### SUPPLIED MATERIAL
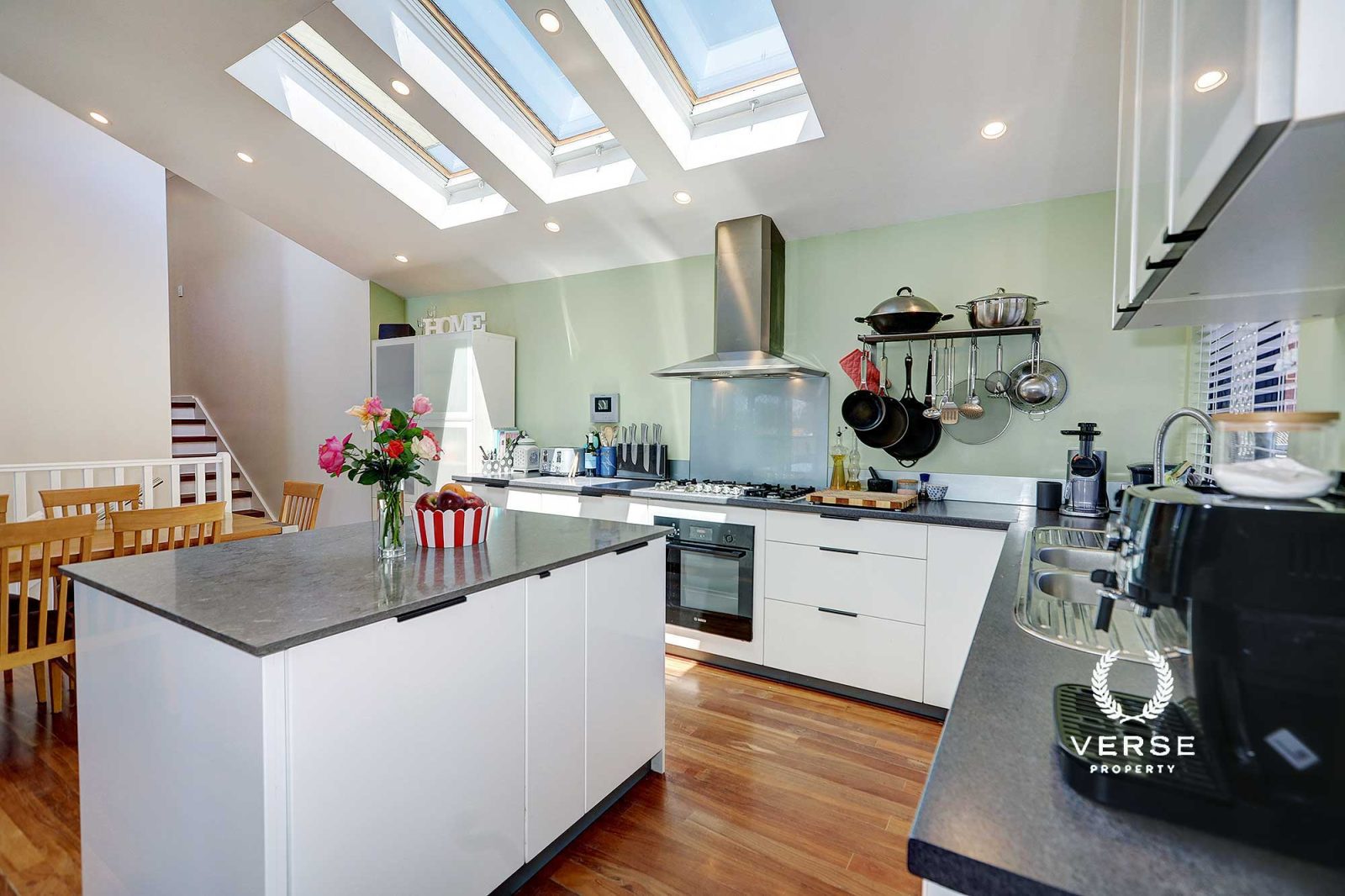 – Uniquely impressive, skylit Kitchen/Dining/(‘heart’) of the house
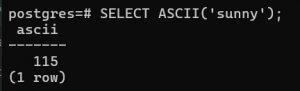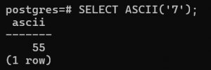 The numeric value of the leftmost character of the string str is returned. 0 is returned if the string passed is empty, NULL is returned if string passed is NULL. Characters with numeric values from 0 to 255 are worked on by ASCII().
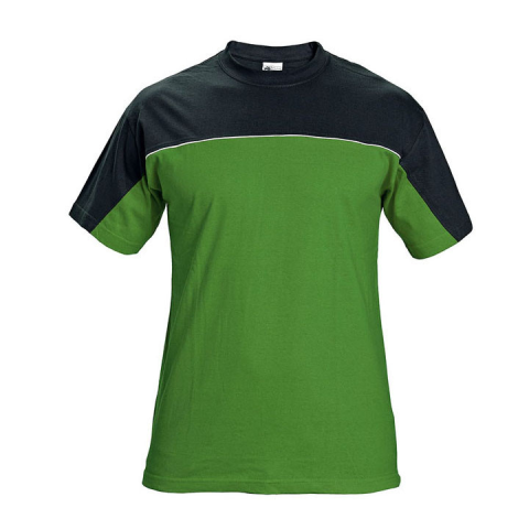 Pamut póló zöld Alapanyag:100 % pamut, 155 g /m² A termék megfelel az EN 340 szabványnak. Minőségi kétszínű rövid ujjú póló Nyakán rugalmas szegéssel (5 % elasztán) Szín: Zöld / Fekete Méret: S, M, L, XL, XXL, 3XL, 4XL

### DIRECTIONS
The entire listing is to be printed exactly, with each picture omitted.

### RESULT FOR THIS TASK
 – Uniquely impressive, skylit Kitchen/Dining/(‘heart’) of the house
 The numeric value of the leftmost character of the string str is returned. 0 is returned if the string passed is empty, NULL is returned if string passed is NULL. Characters with numeric values from 0 to 255 are worked on by ASCII().
 Pamut póló zöld Alapanyag:100 % pamut, 155 g /m² A termék megfelel az EN 340 szabványnak. Minőségi kétszínű rövid ujjú póló Nyakán rugalmas szegéssel (5 % elasztán) Szín: Zöld / Fekete Méret: S, M, L, XL, XXL, 3XL, 4XL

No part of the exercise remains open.